В тот вечер я решил поужинать один в своей комнате. Несмотря на воспоминания о старых вторжениях, она теперь показалась мне убежищем. Хотя турник для подтягиваний все еще был зажат в дверном проеме гардеробной.
Наши с Тимом двухъярусные кровати все так же плотно прилегали к стене. Но теперь я мог лежать на оранжевом ковре и слушать музыку так громко, как только хотелось, никому не мешая.
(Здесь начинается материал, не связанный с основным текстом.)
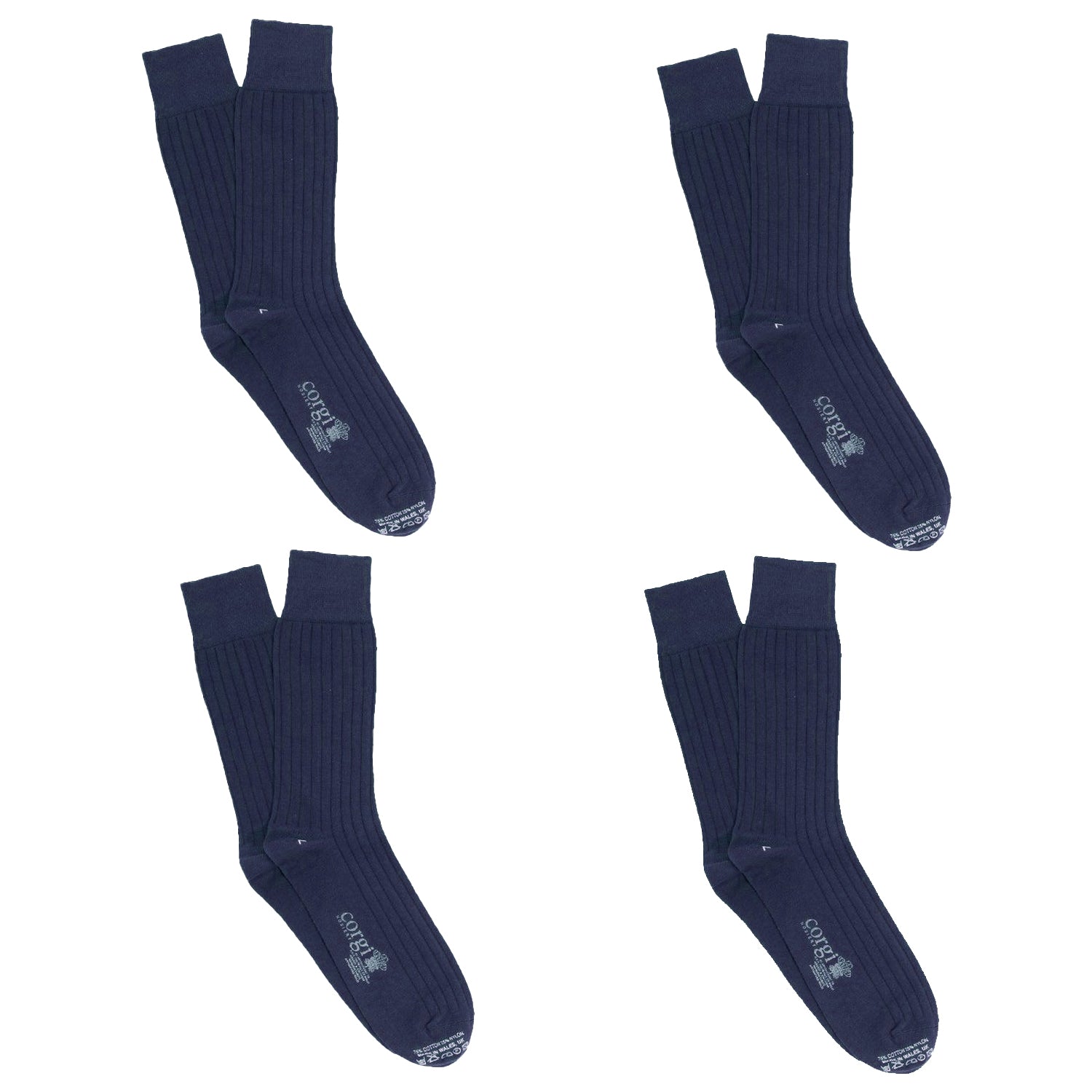 Knitted in a rib knit for an impeccable fit, these classic plain socks are crafted from a blend of premium lightweight cotton and durable nylon. Knitted and hand-finished at our Welsh factory, each 4 pairs offers unmatched quality and comfort. A perfect gift idea they are perfectly packaged in a drawer box. Whether you’re looking for everyday essentials or something to make a statement, these socks combine style and durability seamlessly.

После моего выступления на ужине предыдущим вечером никто из родителей не интересовался, почему я отсутствую.
Дэнни вернулся после ужина.
— Если хочешь, можешь спуститься вниз. Они спрятались в библиотеке. Двери закрыты, но мы можем прокрасться сзади и подглядеть за ними. Пойдем?
— Не хочу за ними наблюдать, Дэнни. Давай просто оставим их в покое.
— Пожалуйста. Не заставляй меня идти одного. Давай же! Это должно быть весело. Ты обязательно должен посмотреть со мной.
Я уступил просьбе брата, и мы вместе спустились вниз, выйдя через большую парадную дверь. Уже стало темно, но в небе светила почти полная луна. Мы пробрались вдоль стены за кустами. Снаружи дом казался массивным и величественным.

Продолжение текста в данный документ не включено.